Rohan slid in for the dealer. Jameson didn’t so much as blink, but the other men at the vingt-et-un table reacted visibly to the Factotum’s presence. This was Rohan the charmer, handsome and wicked, his posture not threatening in the least, yet the other players radiated poorly masked unease.

“December fourth, nineteen eighty-nine.” Rohan offered up a roguish smile as he began expertly dealing out the cards. “That was a Monday. Boxing Day, eighteen fifty-nine—also a Monday.” With a single face-up card in front of each player, Rohan dealt a card to himself, facedown. “I’ve always had a mind for dates.” He dealt five more face-up cards—one to each of them, including himself. “And numbers.” Rohan looked to the man to Jameson’s left and arched a brow. “January eleventh, March sixth, June first, all of this year. Shall I rattle off the days of the week?”

The man to Jameson’s left said nothing, and Rohan shifted his gaze past Jameson to a second man. “Would you like to hear them, Ainsley?”

“I’d like to play,” the man blustered.

“Play?” Rohan said, leaning forward slightly. “Is that what you call your recent activities?”

The question seemed to suck the oxygen out of the room.

“You know the rules.” Rohan’s smile relaxed, his eyes crinkling slightly at the corners. “Everyone here knows the rules. Since the two of you have been in this together, here’s what we’ll do. We’ll play this hand I’ve dealt, you and you and me. If I win…” Rohan’s smile fell away, like sand blown smooth by the wind. “Well, you know what happens if I win.” Rohan nodded to the men’s face-up cards. “If either of you win, I’ll let you fight it out in the ring.”

One thing that Jameson had learned early on about observing the world was to pay attention to blank spaces: pauses in sentences, what wasn’t said, places where crowds should have been gathered but weren’t. A blank face. An opening.

No one in this secret, underground lair of luxury and wagers was looking at the vingt-et-un table now.

“What if we both win?” the man to his left said. Jameson was fairly certain the guy was a politician—and even more certain he was sweating.

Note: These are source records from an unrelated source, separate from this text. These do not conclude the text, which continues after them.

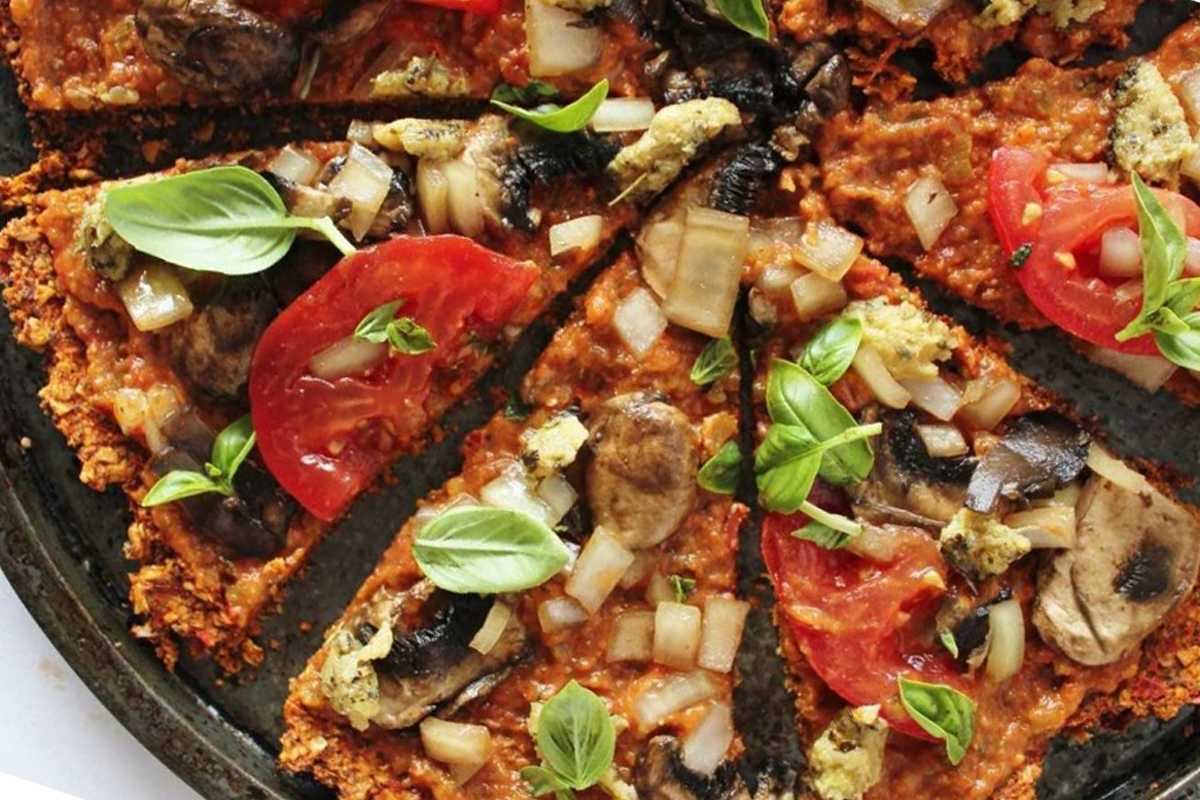 Перед запеканием пиццы предварительно нужно запечь овощи — это поможет избавиться от лишней влаги, которая в противном случае впитается в тесто при выпечке. Не бойтесь раскатывать тесто как можно тоньше: так пицца получается более хрустящей. Тесто можно использовать покупное, а можно сделать его по одному из рецептов, которые есть в этой подборке.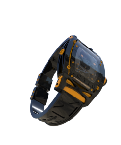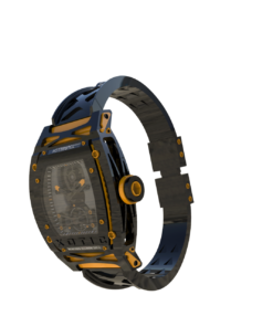 Comprised of re-purposed components from exotic cars. Each watch comes with a Passport book which details the source of the material for a particular component. For example, if the caseback is made from a Lamborghini Aventador carbon fiber hood, it is indicated in the Passport book.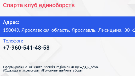 Спарта, клуб единоборств по адресу 150049, Ярославская область, Ярославль, Лисицына, 30 к2 в дальнейшем Организация, размещена в следующих категориях: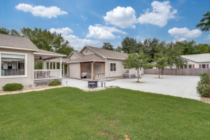 The primary suite is located on the main level and offers backyard access, double vanities, dual closets, soaking tub, and walk-in shower. The guest house offers 1 bedroom and 1 bath, ideal for guests or as a rental. Outdoor living includes covered patios, firepit, and covered bar/grill area overlooking a spacious backyard with room for a pickleball court.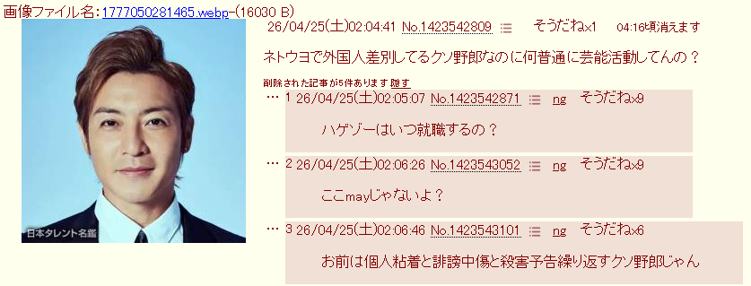 | … | 1026/04/25(土)04:33:28 ID:kVPqLFCENo.1423554013+ばにたす… |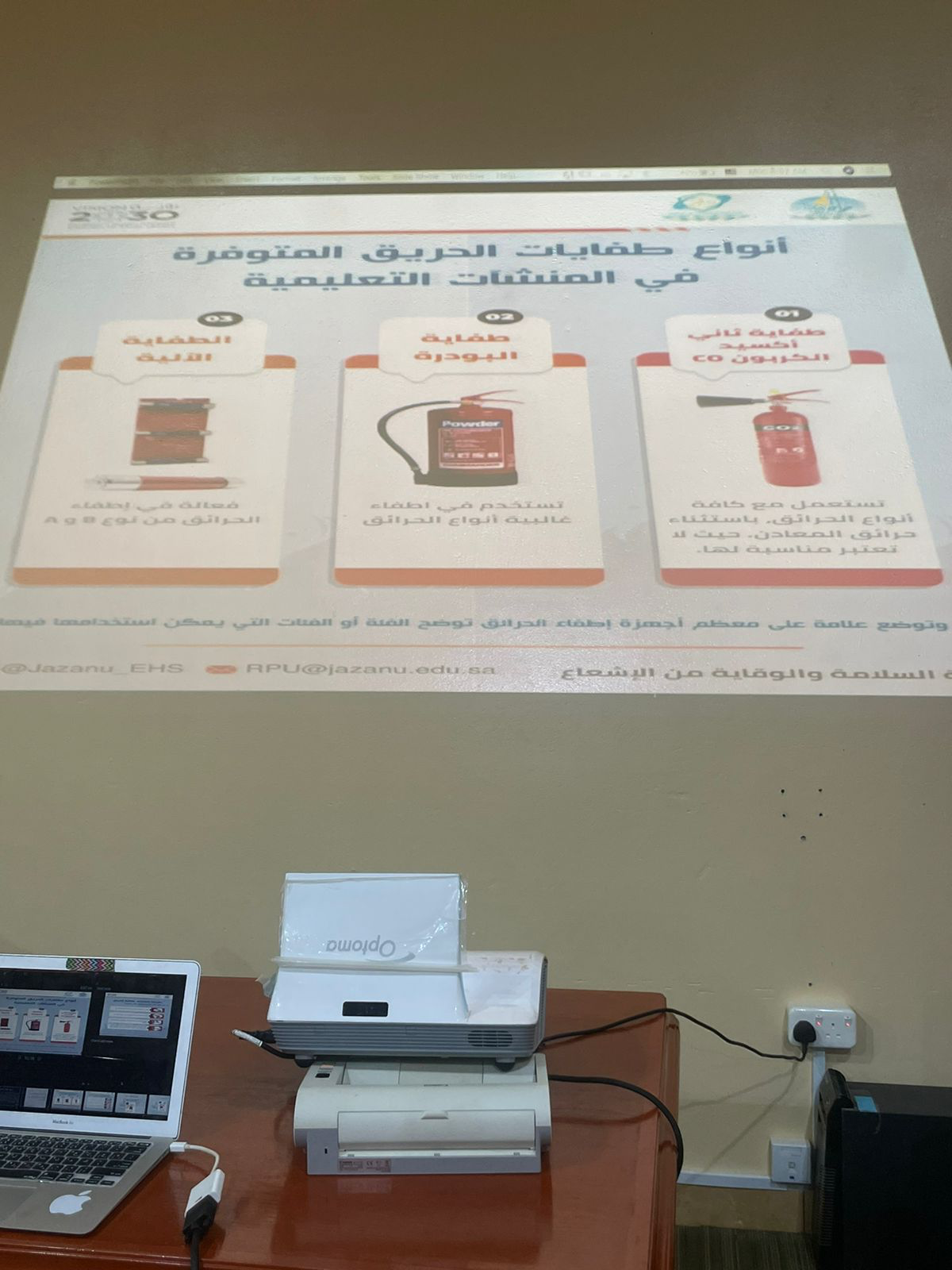 The Safety and Radiation Protection Unit at Al-Darb University College held a workshop entitled (For Our Safety), on Sunday, 03/16/1445 AH, at exactly (10:30 am), in the college library, where it talked about the following: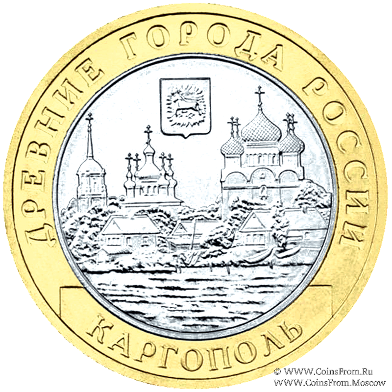Каргополь. Чеканка: Московский монетный двор (ММД). Оформление гурта: 300 рифлений, надпись «ДЕСЯТЬ РУБЛЕЙ», повторяющаяся дважды, разделенная звездочками.

“The offer’s the same.” Rohan flashed another easy smile, but there was something unsettling about it. The Factotum was wearing another red suit this evening, with black underneath, an ensemble fit for the club’s namesake. “Where angels fear to tread, have your fun instead,” he murmured, his eyes flashing. “But remember…”

The house always wins.

Rohan shifted his gaze to the man on the right and waited. The man took another card. His friend did not.

Rohan dealt himself a card. He flipped the facedown one over. “Dealer wins.”

The men said nothing, their faces ashen. The moment Rohan stepped away, the dealer slid back in, the jewel around her neck reminding Jameson that he was being watched.

They all were.

The dealer gathered the losing cards, then nodded to Jameson. “You still in?” she asked.

Out of the corner of his eyes, Jameson saw a man with thick red hair and features that looked carved from stone—and then he saw the space around the man. Other people got out of his way.

Jameson tracked the man’s progression, then turned back to the dealer, in her old-fashioned ballgown. “Actually,” he said, “I’m feeling like a game of whist.”